What if she never saw him again either?
What if this man attacked her when they arrived wherever they were going—raped her? Killed her?
She gasped as tears began to roll down her cheeks. Blinking away the dampness, she took a shuddering breath. Willed herself to calm down.
Had they been driving all this time?
Should she scream? Or was it better not to let him know that she was awake?
She listened, trying to hear the sounds of traffic around them. To hear voices. People. Anything.
They could be anywhere by now.
Shoot, maybe she wasn’t even with the man who’d grabbed her. He could’ve been working with anyone.
The car slowed slightly, and she realized she could see the brake lights from inside the trunk if she twisted her head. One little light was all that stood between her and the rest of the world.
Weren’t there emergency releases on the insides of trunks?
If she could twist and turn around, maybe she could move enough to release it. Lift up her arms and grab it or nudge it somehow. Why hadn’t she ever looked in her own trunk before? Sure, it was probably different in an SUV, but wasn’t that something she should pay attention to?
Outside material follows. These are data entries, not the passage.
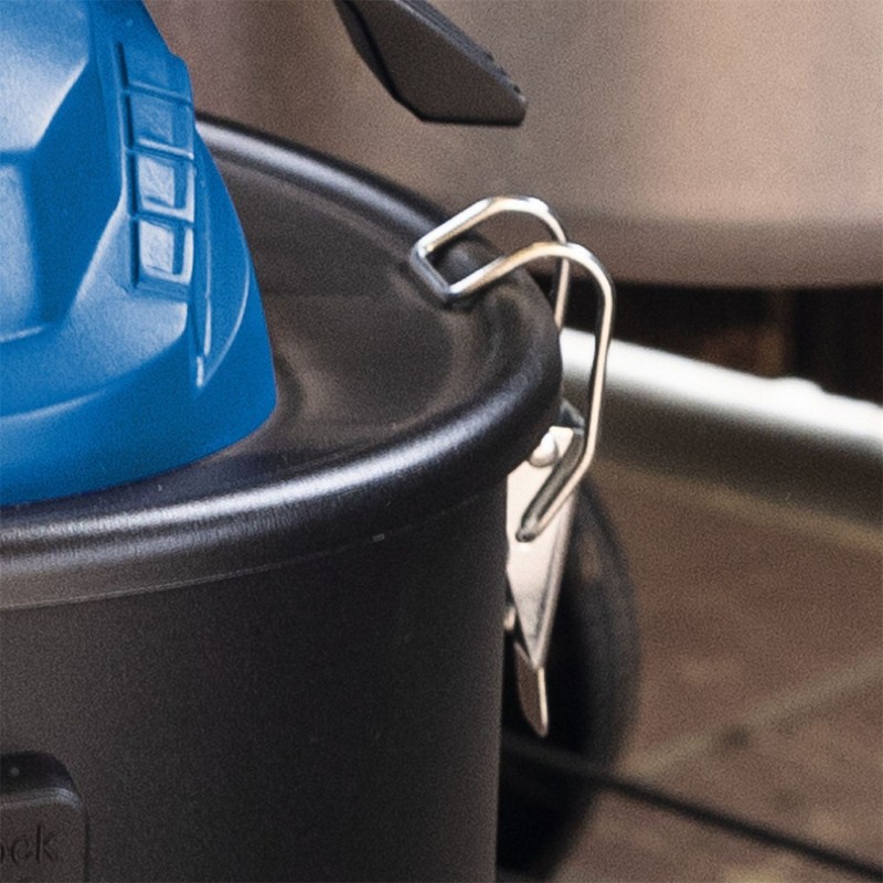 Der robuste 20-Liter-Sammelbehälter ermöglicht längeres Arbeiten ohne häufiges Entleeren. Dies ist zusätzlich sehr einfach dank der Schnellspannverschlüsse. Der große Arbeitsradius wird durch einen nicht brennbaren Saugschlauch mit 150 cm Länge gewährleistet, der auch für die Arbeit mit Asche geeignet ist. Der praktische Zubehörhalter hilft, Ordnung zu halten und alles griffbereit zu haben.
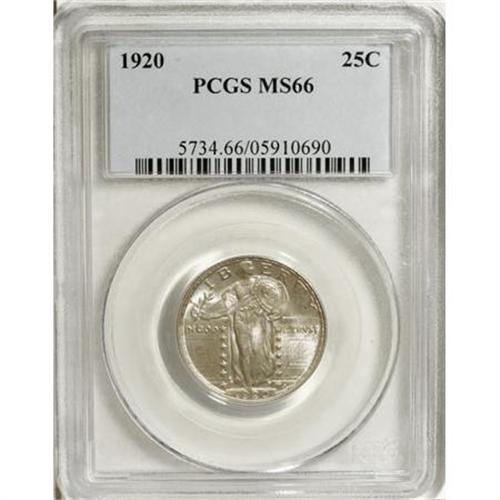 <B>1920 25C MS66 PCGS.</B></I> A lovely Premium Gem with nearly full head details. Both sides are frosty with brilliant silver luster and wispy gold toning. The shield is fully defined, and only the three leaves on Liberty's head are flat. All other head details are sharp and bold. Clearly far above average for the date.<BR><BR><B>Coin Engraver:</B> Hermon A. MacNeil<BR><BR><b>Shipping:</b> Coins & Currency (<a target="_blank" href="http://www.heritageauctions.com/common/shipping.php">view shipping information</a>)
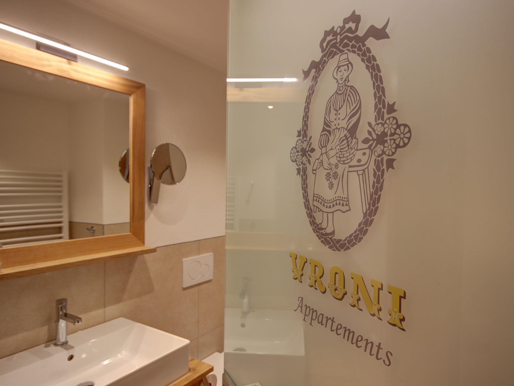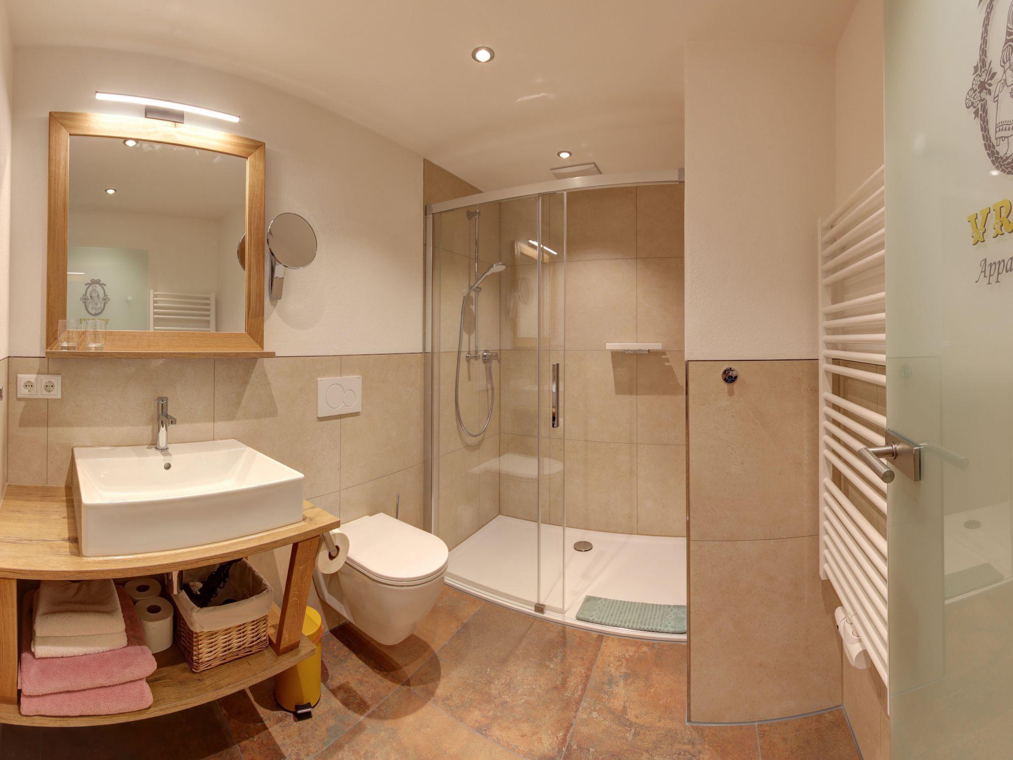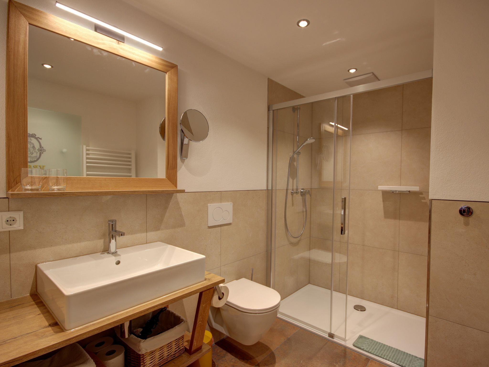 Badezimmer mit Glasdusche, Kosmetikspiegel, Handtuchtrockner, Föhn
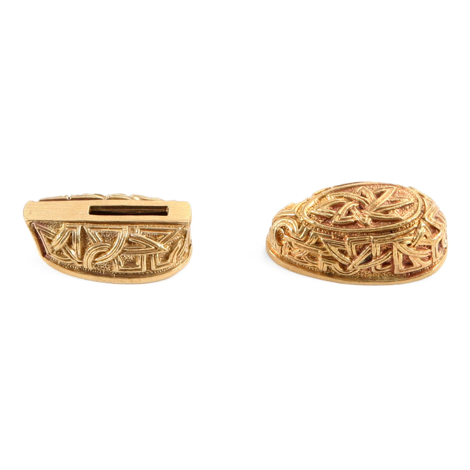 This is an engraved pommel and guard set that can be used to complete a custom hidden tang fixed blade design. These parts are a matched set and include decorative celtic-style knot work. The guard features a (.560″ x .095″) slot, which can be easily enlarged. Both guard and pommel feature deep slipover cavities for versatile fitting. These are a very high-quality, hand cast set!
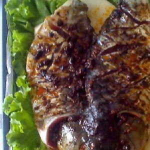 烤箱预热好后,上下火200度,将鱼放入烤20分钟。拿出在表面撒上条调料3。再放入烤箱,下火烤15分钟。即可出箱。表面可撒上香菜

Throwing her body to one side, she smacked her head against the back of the vehicle. With a lot of wiggling and frustration, she finally managed to turn herself so that she was facing the back of the vehicle. She lifted her bound wrists, fumbling in the darkness.
A car honked behind them, and as the car she was in pulled forward again, she realized this was her chance. Someone was around. Someone would see her.
Kicking as hard as she could at the brake lights, she screamed.
She grabbed onto something with numb hands and tried to open the trunk. Tried to free herself.
Kicking harder and harder, she finally kicked out the entire brake light. The car behind them honked again and again. A siren sounded from nearby, and she kept kicking and fumbling in the darkness, sobbing.
The car she was in sped up and swerved, and she screamed as she was thrown around the back of the trunk. They suddenly swerved off the road, and as her head hit the top of the trunk, everything faded to blackness.